Data
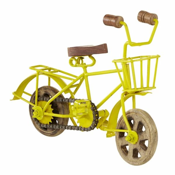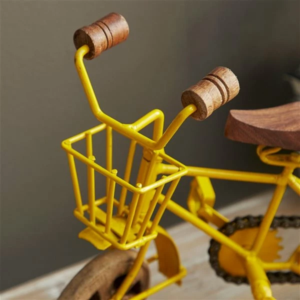 - Trio of red, yellow, and blue bicycle sculpture table decor
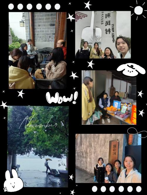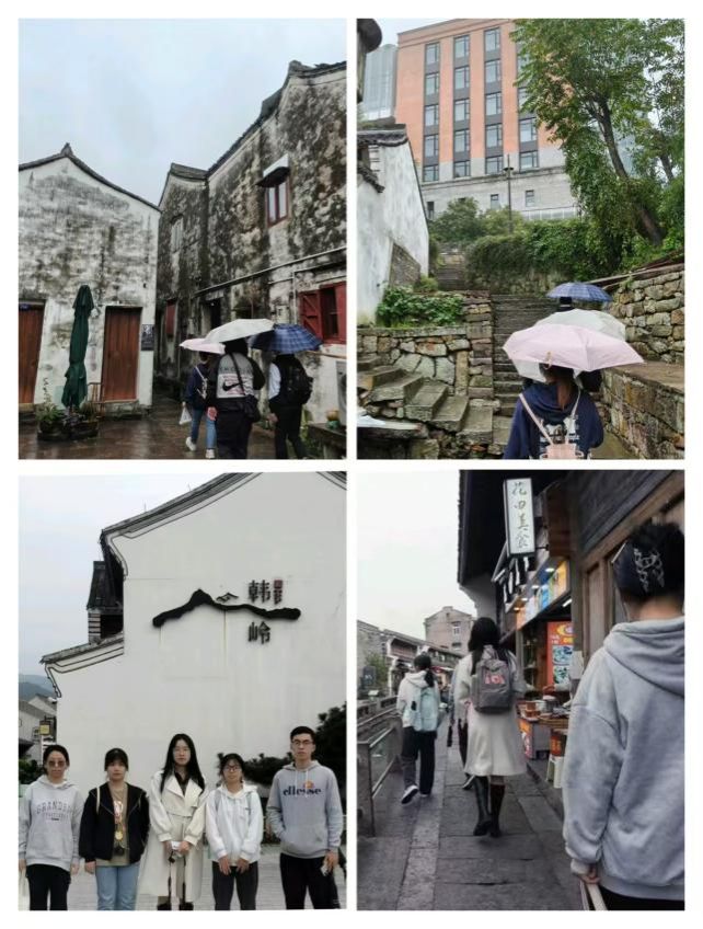 “竹杖芒鞋轻胜马,谁怕?一蓑烟雨任平生。”东钱湖畔纷纷扬扬的细雨丝毫没有冷却同学们求知明理的热情,从红墙青瓦的岳王庙到简约大气的院士中心,从古朴典雅的建设村到烟火繁华的韩岭老街,同学们将课堂中习得的理论知识应用于实际生活中,又通过实地调研的收获不断巩固自己的知识体系。在调研过程中各个小组成员之间保持着密切的沟通与协作,充分发挥各自优势,在推进小组研究进展的同时培养了沟通能力与协作精神。青衿之志,履践致远,作为污漫
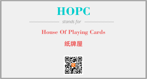英文缩略词“HOPC”经常作为“House Of Playing Cards”的英文缩写来使用,中文表示:“纸牌屋”。本文将详细介绍英文缩写词HOPC所代表英文单词,其对应的中文拼音、详细解释以及在英语中的流行度。此外,还有关于缩略词HOPC的分类、应用领域及相关应用示例等。

Exercise details
Images are to be omitted; repeat the remaining data above exactly.

Answer section
 - Trio of red, yellow, and blue bicycle sculpture table decor
 “竹杖芒鞋轻胜马,谁怕?一蓑烟雨任平生。”东钱湖畔纷纷扬扬的细雨丝毫没有冷却同学们求知明理的热情,从红墙青瓦的岳王庙到简约大气的院士中心,从古朴典雅的建设村到烟火繁华的韩岭老街,同学们将课堂中习得的理论知识应用于实际生活中,又通过实地调研的收获不断巩固自己的知识体系。在调研过程中各个小组成员之间保持着密切的沟通与协作,充分发挥各自优势,在推进小组研究进展的同时培养了沟通能力与协作精神。青衿之志,履践致远,作为污漫
英文缩略词“HOPC”经常作为“House Of Playing Cards”的英文缩写来使用,中文表示:“纸牌屋”。本文将详细介绍英文缩写词HOPC所代表英文单词,其对应的中文拼音、详细解释以及在英语中的流行度。此外,还有关于缩略词HOPC的分类、应用领域及相关应用示例等。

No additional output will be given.